Filha: Ah! Ele quer que você pare de mandar mensagens?
Milton Ribeiro: Não! não é isso… ele acha que vão fazer uma busca e apreensão… em casa… sabe… é… é muito triste. Bom! Isso pode acontecer, né? Se houver indícios né… mas, não há por que… meu Deus.
A filha tenta acalmá-lo e faz um alerta
Filha: Ah, pai! Não… essa voz não é definitiva… eu não sei se ele tem alguma informação. Eu tô te ligando no meu… Eu tô te ligando no celular normal, viu pai?
Milton Ribeiro, então, se apressa em encerrar a conversa: “Ah é? Ah, então depois a gente se fala então! Tá?
Os dois chegam a se despedir, mas a conversa continua por mais alguns minutos e Milton Ribeiro volta falar da conversa com o presidente Jair Bolsonaro.
Milton Ribeiro: Pressentimento… ele falava em pressentimento e tal… ele estava viajando para os estados unidos.
No relatório da Polícia Federal, os investigadores lembram que, no dia 9 de junho, o presidente Jair Bolsonaro desembarcou em Los Angeles, nos Estados Unidos, para participar da Cúpula das Américas.
Já no fim da conversa, a filha volta a pedir calma.
Filha: É, pai! A gente não tem nada a esconder… então…
Milton Ribeiro: Não mesmo.
A filha brinca com a possibilidade de o pai ser alvo de buscas.
Filha: Então… (risos) e boa sorte pra quem quiser fazer uma busca lá no 21 (risos).
Milton: (ininteligível) Eu fico pensando…
Filha: Ai meu Deus (risos). Não dá nem pra entrar naquele apartamento.

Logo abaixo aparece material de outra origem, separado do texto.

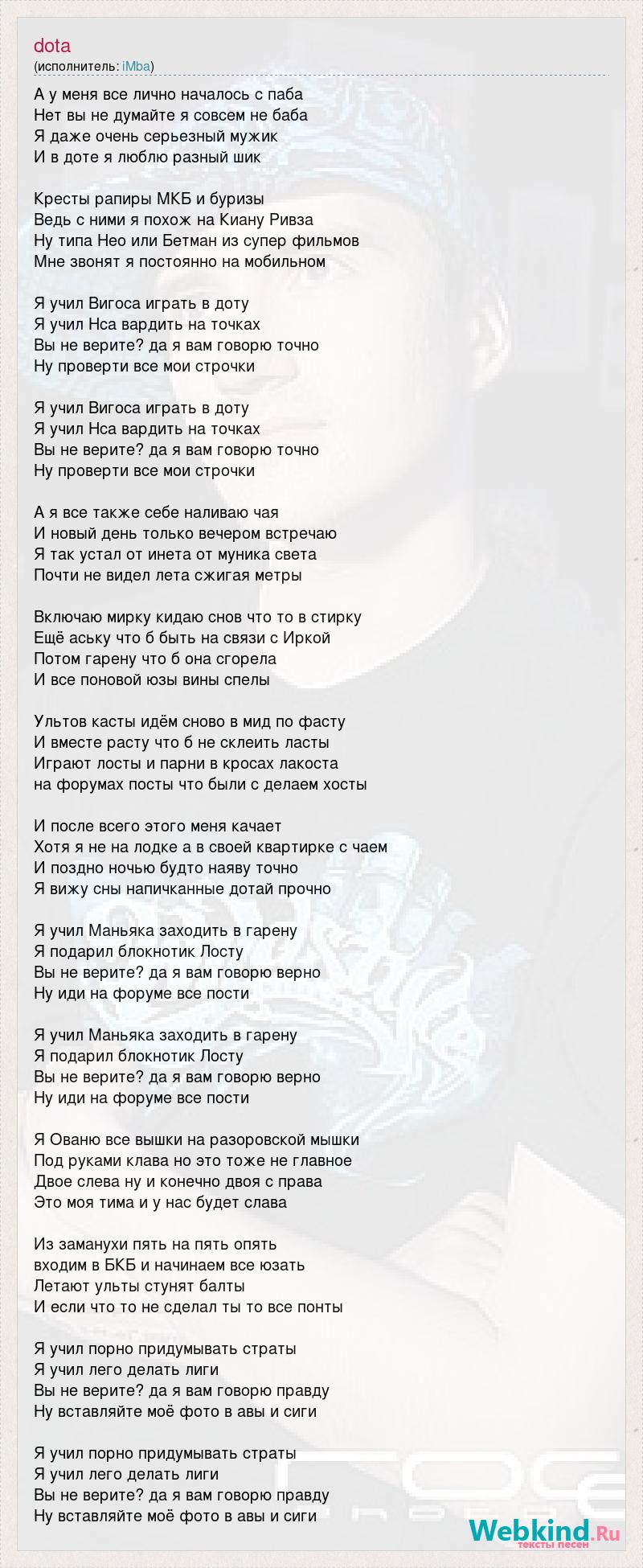 А у меня все лично началось с паба Нет вы не думайте я совсем не баба Я даже очень серьезный мужик И в доте я люблю разный шик Кресты рапиры МКБ и буризы Ведь с ними я похож на Киану Ривза Ну типа Нео или Бетман из супер фильмов Мне звонят я постоянно на мобильном Я учил Вигоса играть в доту Я учил Нса вардить на точках Вы не верите? да я вам говорю точно Ну проверти все мои строчки Я учил Вигоса играть в доту Я учил Нса вардить на точках Вы не верите? да я вам говорю точно Ну проверти все мои строчки А я все также себе наливаю чая И новый день только вечером встречаю Я так устал от инета от муника света Почти не видел лета сжигая метры Включаю мирку кидаю снов что то в стирку Ещё аську что б быть на связи с Иркой Потом гарену что б она сгорела И все поновой юзы вины спелы Ультов касты идём сново в мид по фасту И вместе расту что б не склеить ласты Играют лосты и парни в кросах лакоста на форумах посты что были с делаем хосты И после всего этого меня качает Хотя я не на лодке а в своей квартирке с чаем И поздно ночью будто наяву точно Я вижу сны напичканные дотай прочно Я учил Маньяка заходить в гарену Я подарил блокнотик Лосту Вы не верите? да я вам говорю верно Ну иди на форуме все пости Я учил Маньяка заходить в гарену Я подарил блокнотик Лосту Вы не верите? да я вам говорю верно Ну иди на форуме все пости Я Ованю все вышки на разоровской мышки Под руками клава но это тоже не главное Двое слева ну и конечно двоя с права Это моя тима и у нас будет слава Из заманухи пять на пять опять входим в БКБ и начинаем все юзать Летают ульты стунят балты И если что то не сделал ты то все понты Я учил порно придумывать страты Я учил лего делать лиги Вы не верите? да я вам говорю правду Ну вставляйте моё фото в авы и сиги Я учил порно придумывать страты Я учил лего делать лиги Вы не верите? да я вам говорю правду Ну вставляйте моё фото в авы и сиги

Os investigadores afirmam que não encontraram registros que confirmem a conversa narrada por Milton Ribeiro à filha. Os policiais dizem acreditar que o diálogo entre o ex-ministro da Educação e o presidente Jair Bolsonaro tenha ocorrido por meio de aplicativos de conversas que não podem ser interceptados.
A Polícia Federal diz que esta hipótese é fortalecida pelo diálogo entre Milton e sua filha, quando, informado por ela de que estariam conversando em uma chamada “normal” e imediatamente começam a se despedir.
A manifestação do Ministério Público também cita “indícios de interferência” na investigação da Polícia Federal “quando do tratamento possivelmente privilegiado que recebeu o investigado Milton Ribeiro, o qual não foi conduzido ao Distrito Federal (não havendo sido tampouco levado a qualquer unidade penitenciária) para que pudesse ser pessoalmente interrogado pela autoridade policial”.
O procurador diz que “a ausência de Milton Ribeiro perante a autoridade policial foi prejudicial ao livre desenvolvimento das investigações em curso, além de ferir a isonomia que deve existir no tratamento de todos os investigados”.